ING, which offers banking, insurance and asset management services to over 85 million clients in more than 40 countries, received a capital injection of EUR 10 billion from the Dutch State on October 22, 2008. ING also received EUR 12 billion of liquidity guarantees under the Dutch liquidity guarantee scheme, approved by the Commission in October 2008. In addition, on January 26, 2009, the Dutch Government provided ING with an illiquid asset back-up facility covering 80% of a portfolio of $39 billion.
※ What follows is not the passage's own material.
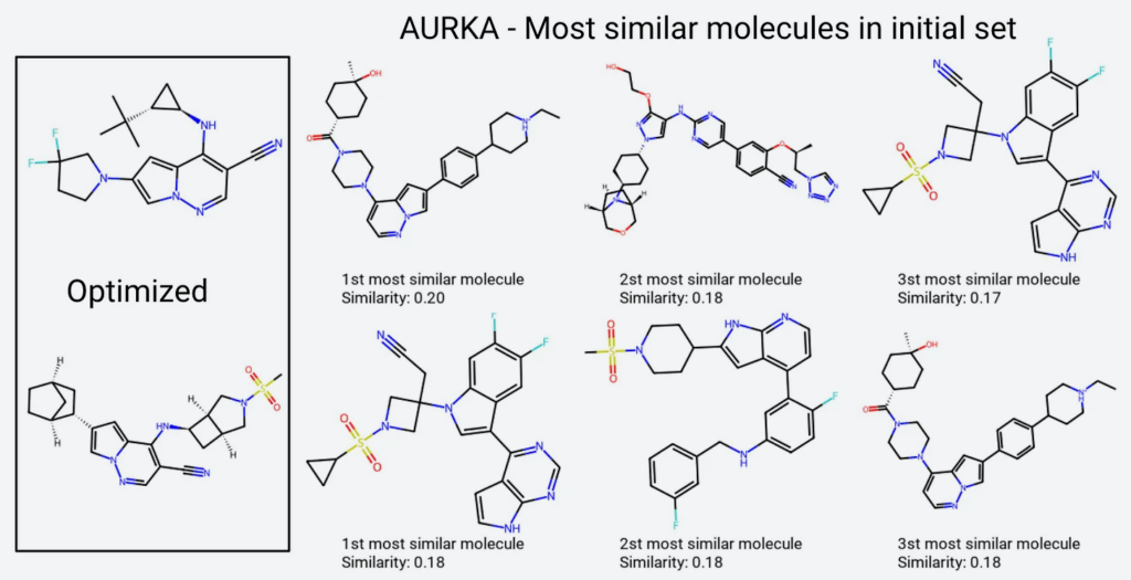 图 5:AURKA 效力第五轮主动学习中 Enki 优化分子的示例,以及用于初始化优化的 100 个分子集中最相似的分子。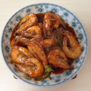 添加适量油继续下大葱段爆香,倒入调味汁,下入煎好的虾翻匀,加少许盐,小火盖盖焖2分钟,中火收汁。

According to the Commission, the Dutch authorities have made a series of commitments to bring the conditions of the measure in line with the Commission guidelines. The Netherlands has made the commitment to increase the remuneration in relation to the transaction to be paid by ING by EUR 1.3 billion via an additional payment. The Netherlands also committed to temporarily ban ING from acquiring other firms and from exercising price leadership. Further, ING will need formal Commission approval for repaying hybrid and subordinated debt capital instruments. These commitments will stay in place during a 3-year period or until the full amount of the capital injection is repaid to the Dutch State, whatever is shorter.
Approving banking and insurance group KBC's asset relief and restructuring package, the Commission said that the package foresees structural and financial restructuring through the divestment, run-down and listing of various businesses. KBC will pay a significant proportion of the restructuring costs, restore the long-term commercial viability of KBC, and tackle the distortions of competition that result from the state aid.
KBC received three aid measures, a recapitalization of EUR 3.5 billion, a second recapitalization of another EUR 3.5 billion and an asset relief measure on a portfolio containing Collateralized Debt Obligations, or CDOs. The Commission temporarily approved the first recapitalization on December 18, 2008 and the other two measures on June 30, 2009.
The Commission, after an in-depth investigation, concluded that the asset relief measure launched on June 30, 2009 is in line with state aid rules and no doubts remain concerning the valuation and remuneration of the measure.
According to the Commission, the Belgian authorities submitted the restructuring plan for KBC on September 30, 2009. Under the plan, KBC will divest or run-down a significant number of businesses, including in Central and Eastern Europe, particularly those that are not fully in line with its core business model. The company will also divest a banking business, Centea and an insurance business, Fidea in Belgium, which will stimulate competition in the core market. The restructuring plan also sets out how KBC will repay the two capital injections to the Belgian authorities, the Commission noted.
Further, the Commission said that based on its in-depth investigation, the valuation of the CDO portfolio is in line with the Commission's Impaired Asset Communication. In addition, the remuneration paid by KBC to the Belgian authorities is above that required.
LYG is trading at $6.0401, down $0.1099, on a volume of 232,597 shares.
ING is trading at $14.41, down $0.16, on a volume of 755,900 shares.